The first point about the backswing (and the swing in general) I want to emphasize is this: if his body, legs and arms are properly positioned and poised to begin with, any golfer with average physical equipment can learn to execute the proper movements. This is why you must build on a correct grip and stance, for the golf swing is an accumulative thing. All the actions are linked together.

For instance, when your grip is correct you will have the proper live tension in the muscles which run along the inside of the arms all the way to the armpit. These are the arm muscles you want to work with—they tie in with the muscles of the body that should be used in the golf swing. Coordinated movement results. Same thing with the legs. The inside muscles which stretch from the ankle to the thigh are the right ones for golf. When a player uses them—to cite just one illustration—his left knee is bound to break in correctly to the right on the backswing. It won't shoot out straight ahead and, as it buckles, cause his whole body to buckle over with it.

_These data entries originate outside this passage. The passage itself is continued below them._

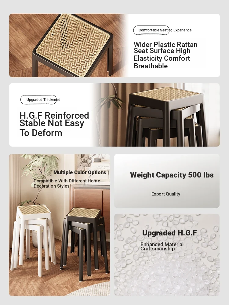 Durable Stacking Rattan Stool for Home Use - Thick Plastic Square Bench, Perfect as Extra Seating for Guests or Vintage Dining Table Décor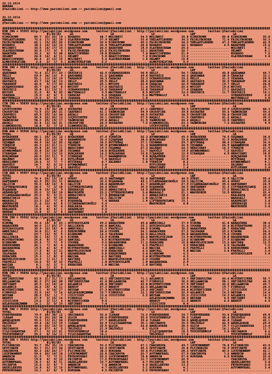 Görsel 22.10.2016.ANKARA tahminleri 22 Cumartesi Eki 2016 Etiketlerankara Yazan: yarisbilimi | Filed under ankara, yorum ≈ Yorum bırakın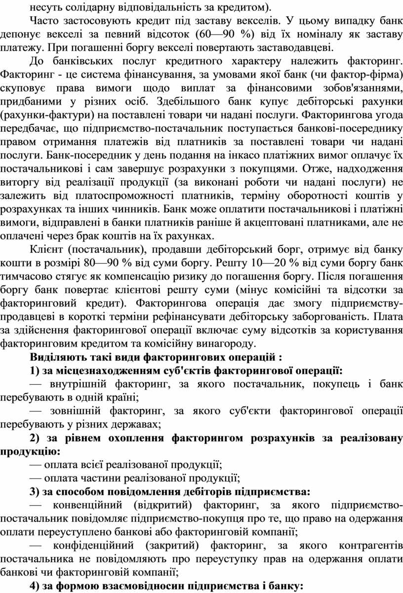 До банківських послуг кредитного характеру належить факторинг. Факторинг - це система фінансування, за умовами якої банк (чи фактор-фірма) скуповує права вимоги щодо виплат за фінансовими зобов'язаннями, придбаними у різних осіб. Здебільшого банк купує дебіторські рахунки (рахунки-фактури) на поставлені товари чи надані послуги. Факторингова угода передбачає, що підприємство-постачальник поступається банкові-посереднику правом отримання платежів від платників за поставлені товари чи надані послуги. Банк-посередник у день подання на інкасо платіжних вимог оплачує їх постачальникові і сам завершує розрахунки з покупцями. Отже, надходження виторгу від реалізації продукції (за виконані роботи чи надані послуги) не залежить від платоспроможності платників, терміну оборотності коштів у розрахунках та інших чинників. Банк може оплатити постачальникові і платіжні вимоги, відправлені в банки платників раніше й акцептовані платниками, але не оплачені через брак коштів на їх рахунках.

Just as one faulty movement leads to others, each correct movement makes it that much easier to execute other moves correctly. With practice, these movements will all blend harmoniously together and fuse into one smooth over-all movement. A bad swing is tiring drudgery. A good swing is a physical pleasure.

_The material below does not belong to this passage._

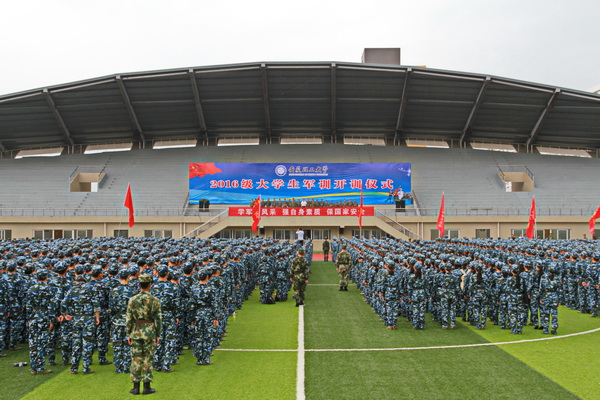 开训仪式在庄严激昂的国歌中拉开了帷幕。吴照明作了军训动员讲话。他指出,军训既是教学大纲的要求,也是同学们掌握基本军事技能和军事理论的有效形式,是弘扬爱国主义、集体主义和革命英雄主义精神,增强国防观念、国家安全意识的重要途径。他希望同学们提高认识,居安思危,牢固树立保家卫国的国防意识;严明纪律,听从指挥,牢固树立令行禁止的纪律意识;端正态度,自立自强,牢固树立互帮互助的团队意识。吴照明最后要求同学们秉承“团结、奋进、博学、奉献”的校训,弘扬“志存高远、追求卓越、求真务实”校园精神,练就铁骨铮铮、硬气朗朗,以良好的精神面貌和坚韧的意志品质续写大学生活的别样精彩。

The bridge between the address and the actual start of the backswing is "the waggle." As a golfer looks at his objective and figures out the kind of shot he's going to play, his instinct takes over: he waggles the club back and forth. Possibly because the word waggle suggests that any aimless kind of oscillation fills the bill, many golfers have the mistaken idea that it doesn't really matter how you waggle the club. To put it another way, they think the only purpose in waggling is to loosen yourself up so that you won't be tense or rigid. There's a great deal more to the waggle than that. It is an extremely important part of shotmaking. Far from being just a lot of minute details, it is a sort of miniature practice swing, an abbreviated "dry run" for the shot coming up. As the golfer takes the club back on the waggle, he accustoms himself to the path the club will be taking on his actual backswing. As he waggles the club forward, he adjusts himself so that the face of the clubhead will be coming into the ball square and on line.